* Brief *
Please reproduce the listing word for word. Pictures stay out.

* Data excerpt *
---+---

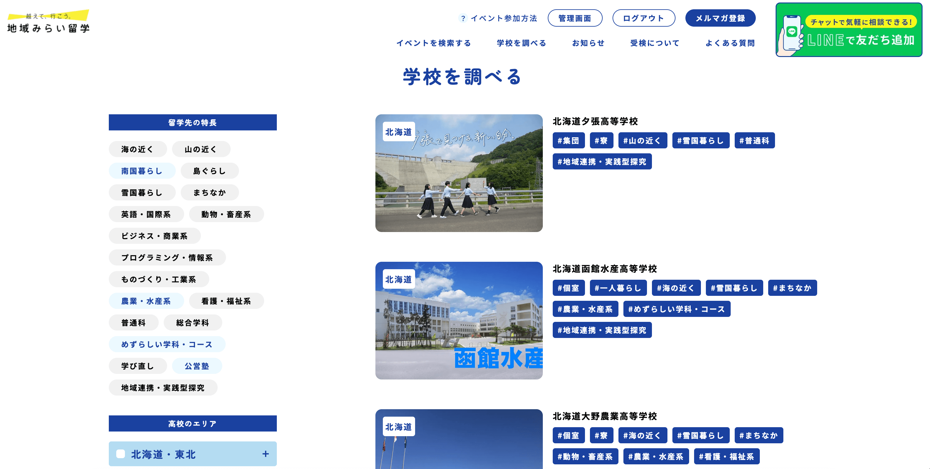 全国169校の詳細情報も掲載されており、地域の魅力や住まいのタイプ、卒業後の進路まで比較できます。
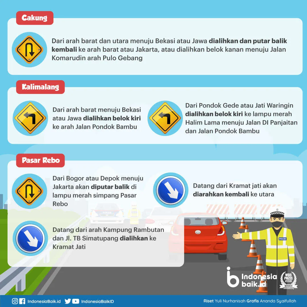 Arus kendaraan dari arah barat dan utara menuju Bekasi atau Jawa mulai dari Coca Cola-Jalan Perintis Kemerdekaan-Kelapa Gading-Warung Jengkol (Terminal Bus Pulo Gadung)- Jalan Sultan Hamengku Buwono-Pupar-Jalan Raya Bekasi-Pasar Cakung-Pos Pam Penyekatan Cacing (bawah jalan tol) dialihkan dan putar balik di U-Turn, lalu kembali ke arah barat atau Jakarta, atau dialihkan belok kanan menuju Jalan Komarudin arah Pulo Gebang.
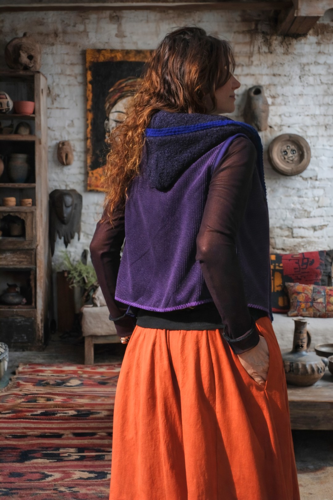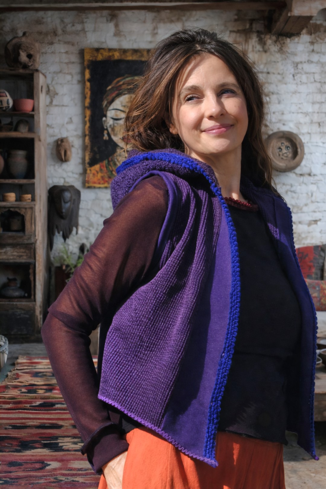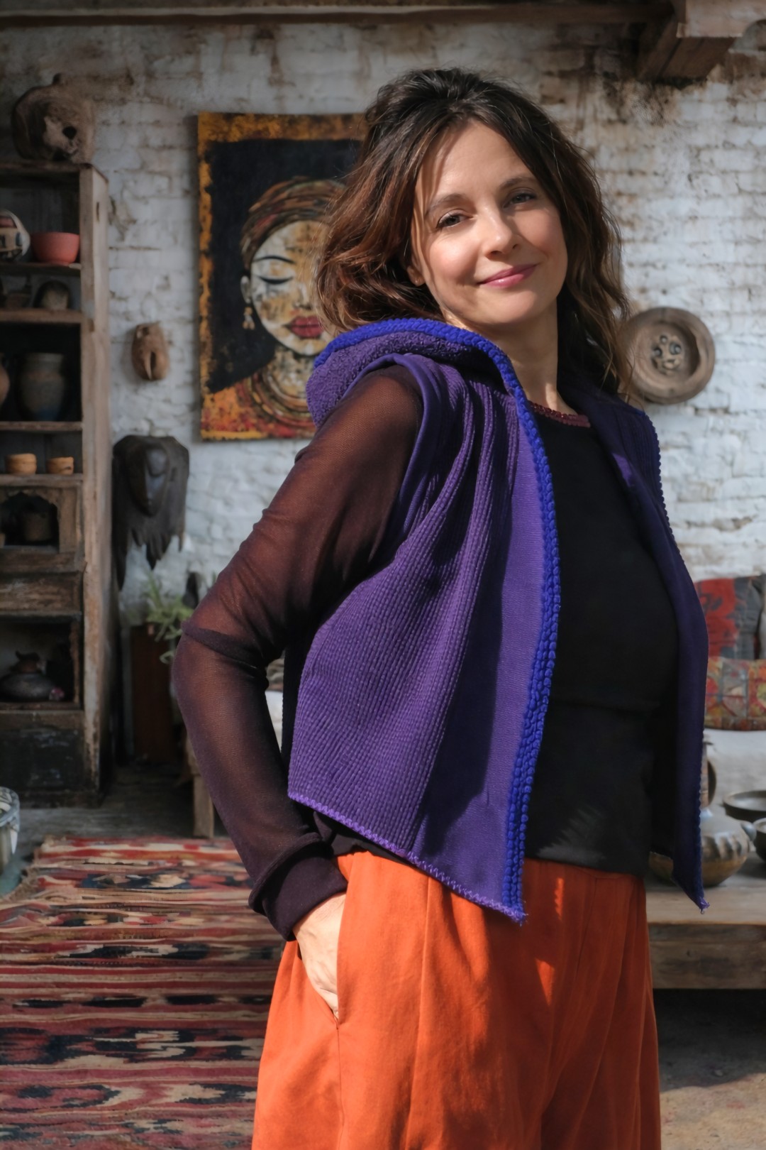 Een uniek, mouwloos jasje in diepe paarstinten, gemaakt van drie bijzondere stoffen: corduroy, wol en bouclé. Afgewerkt met vintage sierwol en voorzien van een zachte capuchon. Een eigen ontwerp vol karakter en verfijning. Mooi te combineren met broek Freya en op maat te maken.
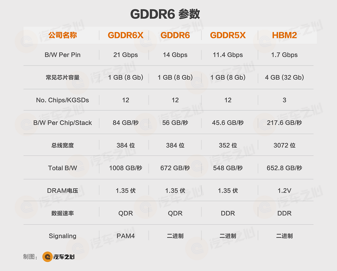 不过和 AI 训练用芯片广泛使用的 HBM2 内存还是差距明显,当然了,HBM2 价格远高于 GDDR6X。

---+---

* Worked solution *
 全国169校の詳細情報も掲載されており、地域の魅力や住まいのタイプ、卒業後の進路まで比較できます。
 Arus kendaraan dari arah barat dan utara menuju Bekasi atau Jawa mulai dari Coca Cola-Jalan Perintis Kemerdekaan-Kelapa Gading-Warung Jengkol (Terminal Bus Pulo Gadung)- Jalan Sultan Hamengku Buwono-Pupar-Jalan Raya Bekasi-Pasar Cakung-Pos Pam Penyekatan Cacing (bawah jalan tol) dialihkan dan putar balik di U-Turn, lalu kembali ke arah barat atau Jakarta, atau dialihkan belok kanan menuju Jalan Komarudin arah Pulo Gebang.
 Een uniek, mouwloos jasje in diepe paarstinten, gemaakt van drie bijzondere stoffen: corduroy, wol en bouclé. Afgewerkt met vintage sierwol en voorzien van een zachte capuchon. Een eigen ontwerp vol karakter en verfijning. Mooi te combineren met broek Freya en op maat te maken.
 不过和 AI 训练用芯片广泛使用的 HBM2 内存还是差距明显,当然了,HBM2 价格远高于 GDDR6X。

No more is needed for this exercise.